In the present review, we aimed to discuss the current literature on the pharmacodynamics, pharmacokinetics, and clinical trials of molnupiravir in the management of COVID-19. Preclinical studies have shown the antiviral properties of NHC against SARS-CoV-2, while the in vitro cytotoxicity profile studies showed controversial results.

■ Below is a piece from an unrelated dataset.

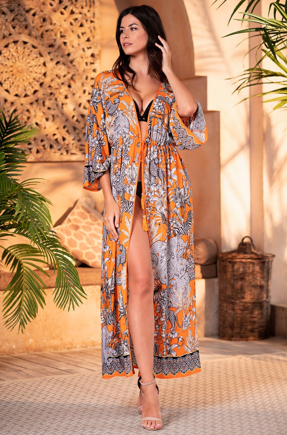 Пляжная туника длинная распашная на завязках Мадагаскар 1799 Mia-Amore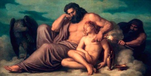 今までオリュンポスの神々の給士係は青春の女神へーベーでした。しかし、彼女はヘラクレスの妻となり、給士をやめることとなりました。(一説には神々に酌をしている時、転んでしまったからとされています) 最高神ゼウスはイーデー山で友達と遊んでいるガニュメデスを発見し、その美しい姿に惚れ込んでしまい、鷲に変身して彼をさらっていってしまったのです。天上へ連れてこられたガニュメデスは永遠の命と若さを与えられ、神々の給士係として任命される事となりました。

As far as available clinical trials results, molnupiravir seems to be safe at doses up to 800 mg per dose (every 12 h for 5 days) in both healthy individuals and COVID-19 patients; however, given its probable genotoxic effects, further well-designed randomized clinical trials with large sample size and longer follow-up periods are still required to confirm the efficacy and safety of molnupiravir in patients with COVID-19. Finally, in future clinical trials of molnupiravir, monitoring of the long-term adverse events, probable effects on bone and cartilage growth, and possible genotoxic effects along with its potential effectiveness in patients with COVID-19 should be considered.

Despite the increase in the number of vaccinated people and the considerable effects of COVID-19 vaccines in protecting against severe illness, the pandemic is not yet under control.

Detecting new variants of SARS-CoV-2 and reporting patients with severe illness has highlighted the importance of identifying effective and safe medications against COVID-19.

Molnupiravir is a small-molecule prodrug with promising antiviral properties against SARS-CoV-2.

Given the important role of RdRp in the replication and transcription process of SARS-CoV-2 RNA, it has been a key target in the ongoing search for novel antiviral medications with acceptable efficacy and safety profile against COVID-19.

Molnupiravir is a well-known viral RdRp inhibitor with remarkable mutagenic effects on viral RNA.

NHC (the active form of molnupiravir) is a potent antiviral against SARS-CoV-2 in infected cell culture models.

Molnupiravir has shown antiviral activity against SARS-CoV-2 through reducing viral load in the respiratory tract and virus transmission in animal models.

There are controversial data regarding the in vitro cytotoxicity profile of NHC. While most of the preclinical studies have demonstrated a favorable cytotoxicity profile, possible genotoxic effects should not be ignored.

No significant short-term adverse effect has been reported in animal models following the administration of molnupiravir.

According to available clinical trials, the antiviral medication seems to be safe at a dose of 800 mg, twice daily for 5 days, in both healthy and COVID-19 populations.

Early treatment with molnupiravir (800 mg, twice daily for 5 days) could decrease the risk of hospitalization or mortality in mild-to-moderate COVID-19 patients with one or more risk factors for progression to severe forms of the disease.

Conducting future randomized clinical trials are still needed to evaluate the long-term safety profile of molnupiravir as well as its efficacy in both vaccinated and unvaccinated populations.